## Task description:
The response should consist of the data below, copied exactly, with no pictures in it.

*** Supplied information Section Begins ***

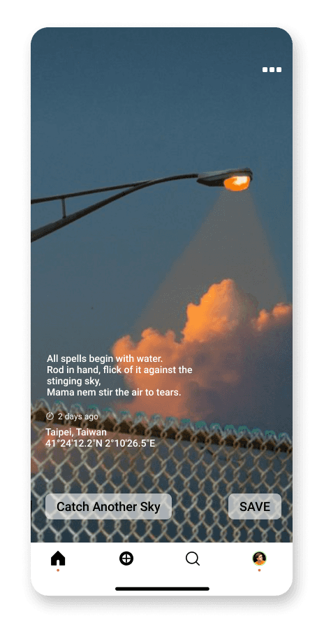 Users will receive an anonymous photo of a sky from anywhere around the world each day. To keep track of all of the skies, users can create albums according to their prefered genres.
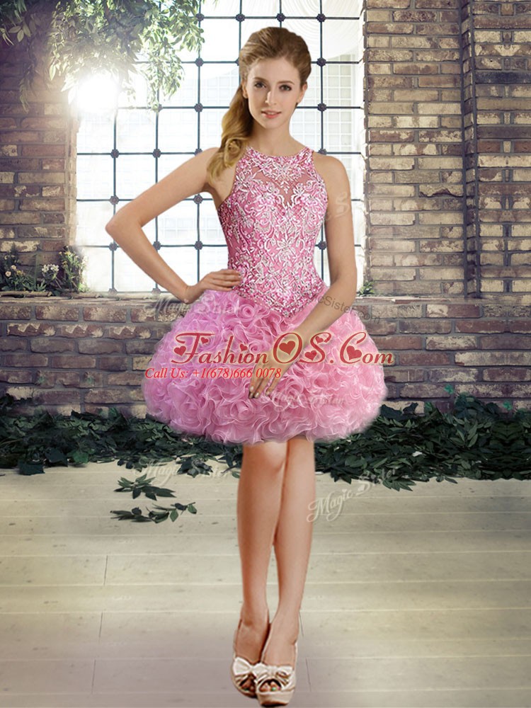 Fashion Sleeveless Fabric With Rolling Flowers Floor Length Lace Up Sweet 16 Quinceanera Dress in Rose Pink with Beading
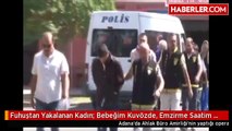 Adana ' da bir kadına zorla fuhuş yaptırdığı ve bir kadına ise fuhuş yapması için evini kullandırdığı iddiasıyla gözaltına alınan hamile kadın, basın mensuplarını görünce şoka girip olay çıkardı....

*** Supplied information Section Ends ***

## Answer:
 Users will receive an anonymous photo of a sky from anywhere around the world each day. To keep track of all of the skies, users can create albums according to their prefered genres.
 Fashion Sleeveless Fabric With Rolling Flowers Floor Length Lace Up Sweet 16 Quinceanera Dress in Rose Pink with Beading
 Adana ' da bir kadına zorla fuhuş yaptırdığı ve bir kadına ise fuhuş yapması için evini kullandırdığı iddiasıyla gözaltına alınan hamile kadın, basın mensuplarını görünce şoka girip olay çıkardı....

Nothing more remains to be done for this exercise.